Participating in a shakedown is a felony bub!

Rudy Giuliani introduces then-candidate Donald Trump at an Iowa campaign rally in September 2016. (Source: Flickr/John Pemble, CC BY-ND 2.0)

As the House of Representatives launches its impeachment inquiry with a focus on President Trump’s efforts to pressure Ukraine, the question has been raised whether the president’s personal attorney, Rudy Giuliani, will testify before Congress.  According to CNN, Giuliani has said that he would need to consult with Trump before testifying before Congress because of the attorney-client privilege.  This reflects a fundamental misapprehension of how the attorney-client privilege might apply in these circumstances—and, indeed, whether it could provide a bulwark against compelled congressional testimony at all.

At the outset, it is unclear that much of the information of interest to Congress regarding Giuliani’s conduct would even potentially be subject to the attorney-client privilege. The privilege exists to protect the confidential communication between a client and an attorney made for the purpose of obtaining legal advice. It does not protect, for instance, communications your attorney may have had with, say, foreign government officials—or, for that matter, with U.S. government officials.

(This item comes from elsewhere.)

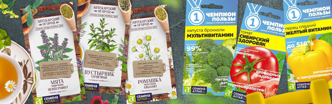 Для тех, кто заботится о своем здоровье и хочет вырастить полезные овощи и травы, предлагаем серию «Аптекарский огород» и «Чемпионы пользы»

And, of course, the privilege wouldn’t reach communications where Giuliani was not acting in his capacity as a lawyer providing legal advice. Yet Giuliani himself just told The Atlantic regarding his work in Ukraine, “I’m not acting as a lawyer. I’m acting as someone who has devoted most of his life to straightening out government.” And the conduct at issue—pushing arguments about potential corruption to foreign officials—does not appear to involve providing confidential legal advice. It is not even clear that Giuliani’s conduct constitutes legal work performed in his capacity as Trump’s attorney, even if it were charitably viewed as something other than political campaign work. 

Nor does the course of dealing, so far as it is presently known, suggest that Trump was conveying confidences to Giuliani for the purpose of receiving legal advice from him, rather than directing him to undertake other (nonlegal) activities on the president’s behalf. Directives of this sort, of course, would not be privileged. Indeed, it is not clear what legal advice the president would have needed regarding corruption in Ukraine, at least prior to recent developments. So reasonable minds might question whether any of the communications between the president and Giuliani are protected by the privilege, much less information regarding Giuliani’s other conduct and interactions with third parties.

But even positing for the sake of argument that there may be some communications on the Ukraine issues that might potentially be subject to the privilege, those residual “privileged” communications would have little protection against compelled congressional testimony.

First, it is Congress’s long-standing position that the attorney-client privilege does not afford protection against compelled congressional testimony. Although Congress may consider claims of attorney-client privilege at its discretion, it does not recognize the common law privilege as a bar to compelled disclosure. Rather, it has consistently taken the position that it can insist that privileged communications be disclosed. Consistent with this position, a committee that calls Giuliani for testimony can simply direct him to answer if he were to attempt to assert attorney-client privilege, and can hold him in contempt if he does not comply.

Second, attorney-client privilege can be waived. Under the third-party waiver doctrine, disclosure of privileged communications to a third party typically effects a waiver of the privilege. And in order to prevent the use of the privilege as both a sword and a shield at the same time, the subject-matter waiver doctrine holds that any waiver of the attorney-client privilege generally extends to the entire subject matter to which the disclosed communication related, not just the specific communication disclosed. To the extent that the efforts with Ukraine at issue here appear to involve a large number of people, and in light of the fact that both the president and Giuliani have been publicly discussing those efforts, there may be good arguments that there has been a waiver as to some, if not all, of the communications.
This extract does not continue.